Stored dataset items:
★ ★ ★
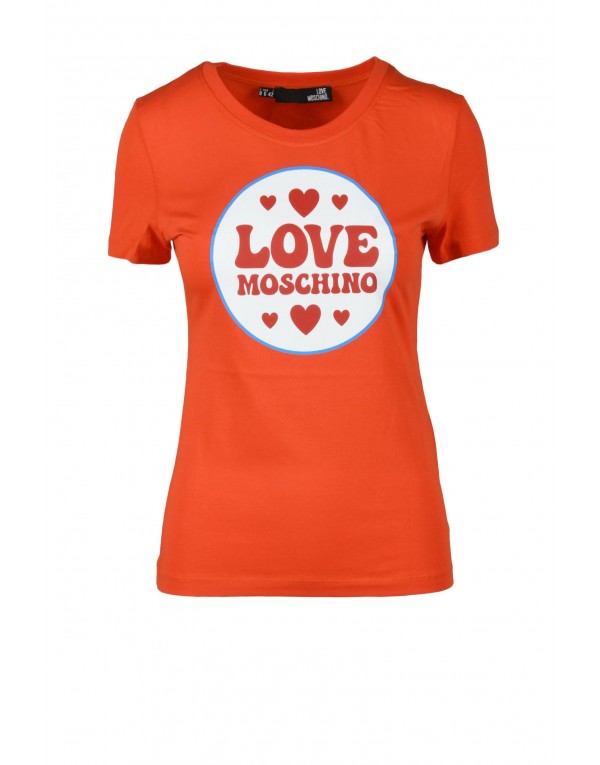 Brand: Love Moschino Gender: Women Type: T-shirts Season: Spring/Summer PRODUCT DETAIL • Color: orange • Pattern: print • Sleeves: short • Neckline: round neck COMPOSITION AND MATERIAL • Composition: -95% cotton -5% elastane • Washing: machine wash at 30°
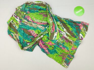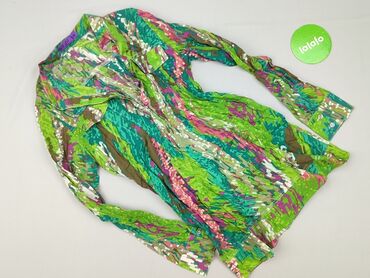 Koszula damska z długim rękawem, zapinana na guziki. Wykonana z lekkiej, cienkiej tkaniny. Wyrazisty, geometryczny wzór w liście/łezki w kolorach zielonym, różowym, brązowym i ecru. Klasyczny kołni...
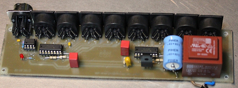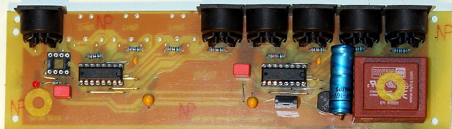 So with two of these circuits (in fact the receiver and the transmitter make use of the same PC board, with only a few jumpers placed differently) we can have our 8 port midi device active on any reasonable distance. The midi-in violates the MIDI standard in that there is no optocoupler. In fact we maintain the optocoupler only at the very end of the signals destination, that is on the robots themselves. The only remaining problem is that the differential inputs do not work with standard midi, the standard midi-out signal being inherently non balanced. As long as we do not use differential receivers on standard midi-out's the problem can be circumvented.
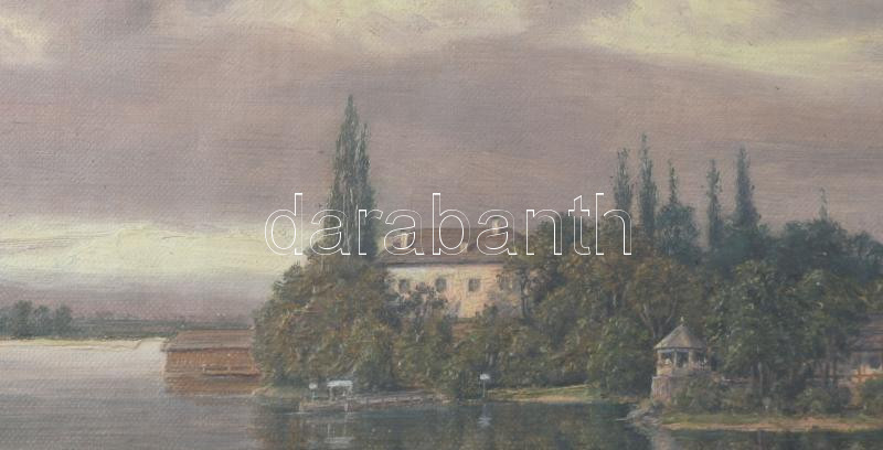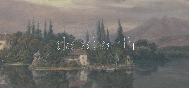Azonosítatlan jelzéssel: Alpesi falu. Olaj, karton, jelzett, üvegezett keretben 19x40 cm
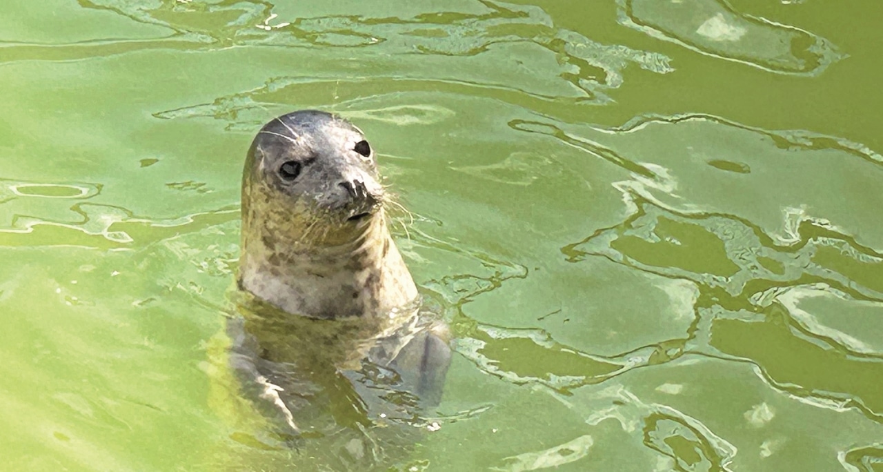 Flora wird von freiwilligen Helfern beliefert, die am Strand manchmal auch Tiere finden. Wie den kleinen Seehund, der seine Mutter verloren hat und mich in der Aufzuchtstation im Naturkundemuseum und Aquarium Ecomare mit seinen großen schwarzen Augen interessiert anschaut. Tierpfleger Yerko Hankmann erklärt, wie verlassene oder verletzte Meeressäuger hier aufgepäppelt werden, bis sie wieder ausgesetzt werden können.
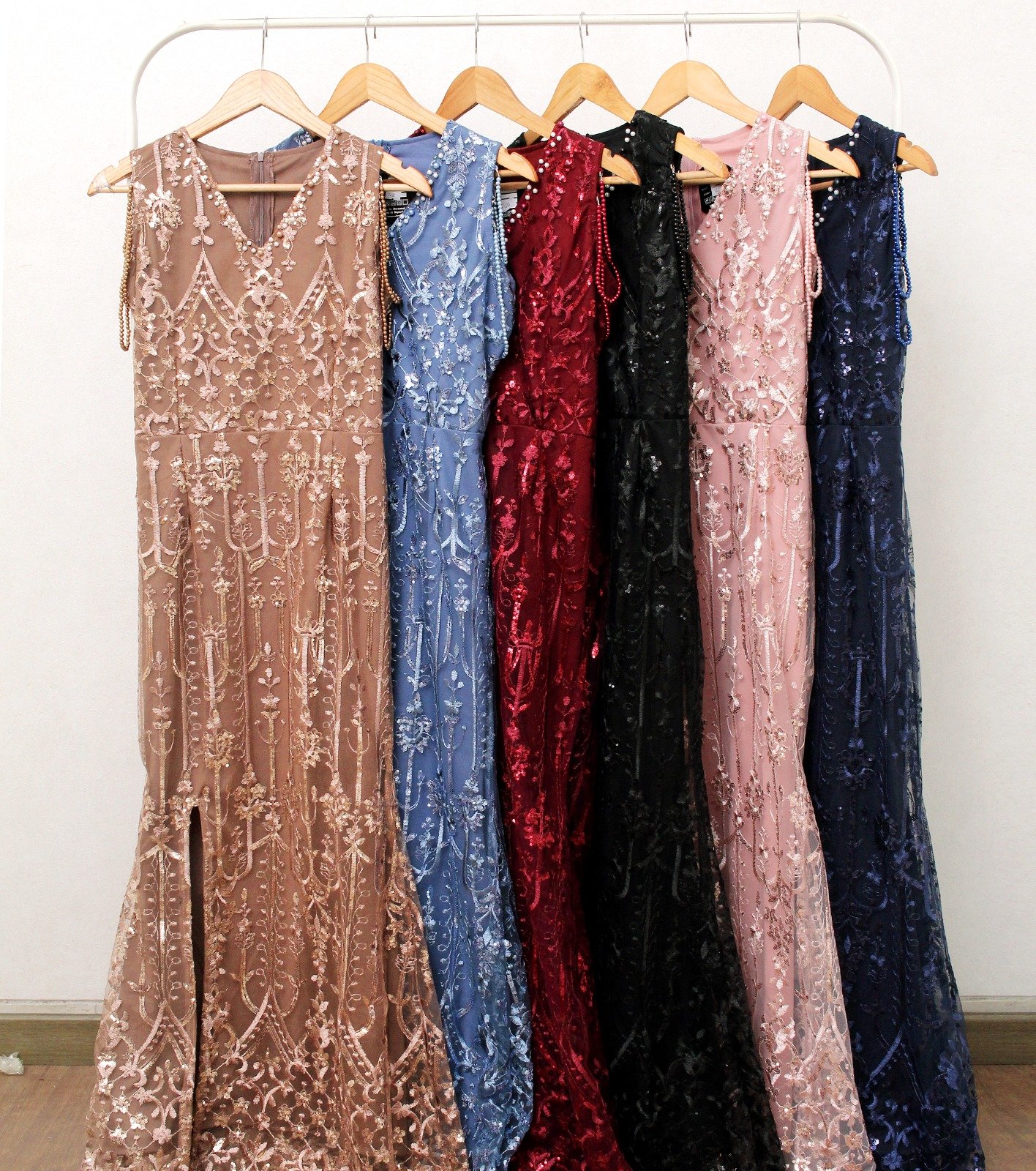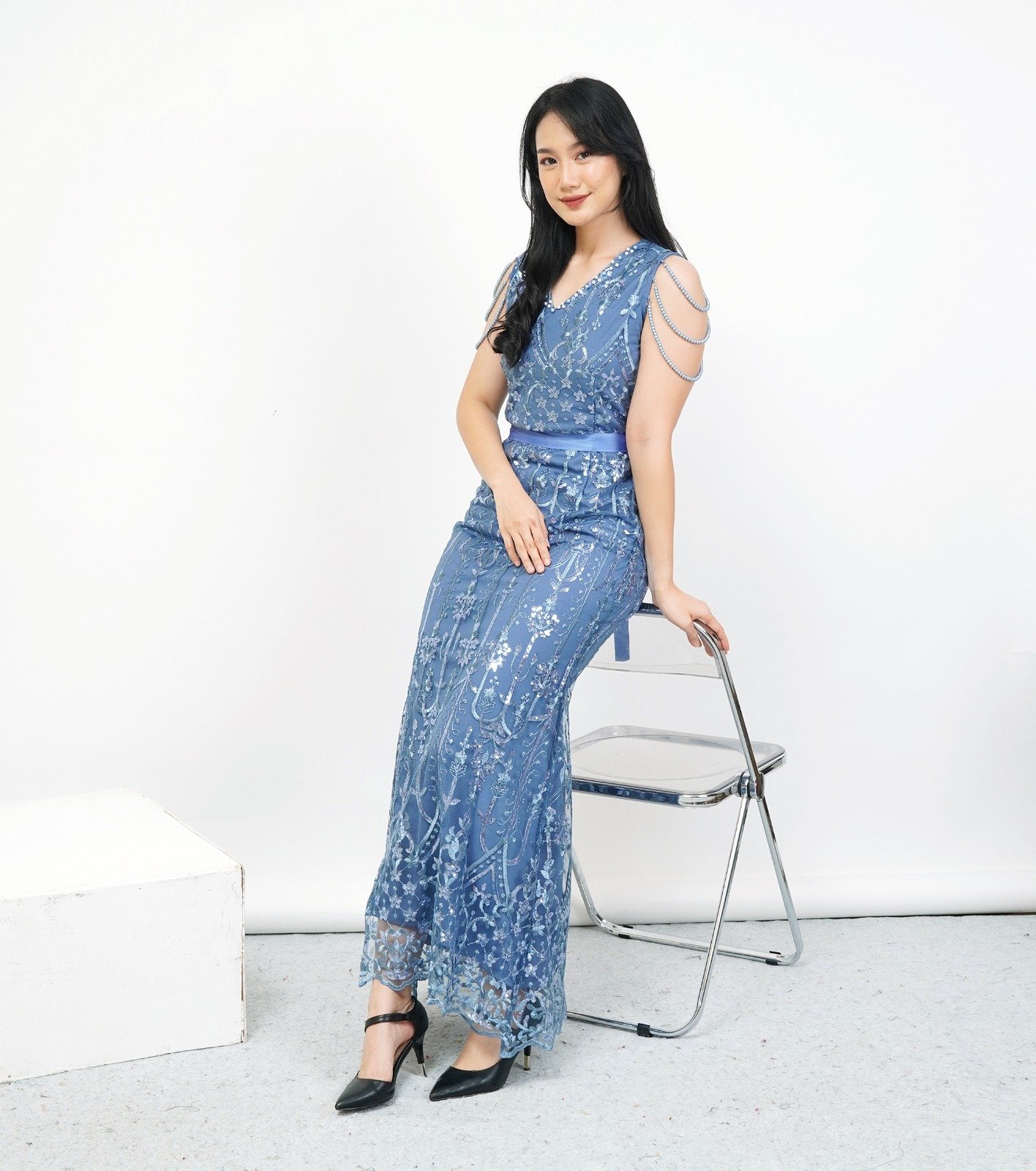 Model Lengan Tangan Buntung dengan variasi 3 rantai muatiara yang mewah.
★ ★ ★
**Aim of the task:** Nothing but the lines from the line containing "Azonosítatlan jelzéssel: Alpesi" through the last line of the records above is to be extracted, exactly and with no pictures.

**Answer to the exercise:**
Azonosítatlan jelzéssel: Alpesi falu. Olaj, karton, jelzett, üvegezett keretben 19x40 cm
 Flora wird von freiwilligen Helfern beliefert, die am Strand manchmal auch Tiere finden. Wie den kleinen Seehund, der seine Mutter verloren hat und mich in der Aufzuchtstation im Naturkundemuseum und Aquarium Ecomare mit seinen großen schwarzen Augen interessiert anschaut. Tierpfleger Yerko Hankmann erklärt, wie verlassene oder verletzte Meeressäuger hier aufgepäppelt werden, bis sie wieder ausgesetzt werden können.
 Model Lengan Tangan Buntung dengan variasi 3 rantai muatiara yang mewah.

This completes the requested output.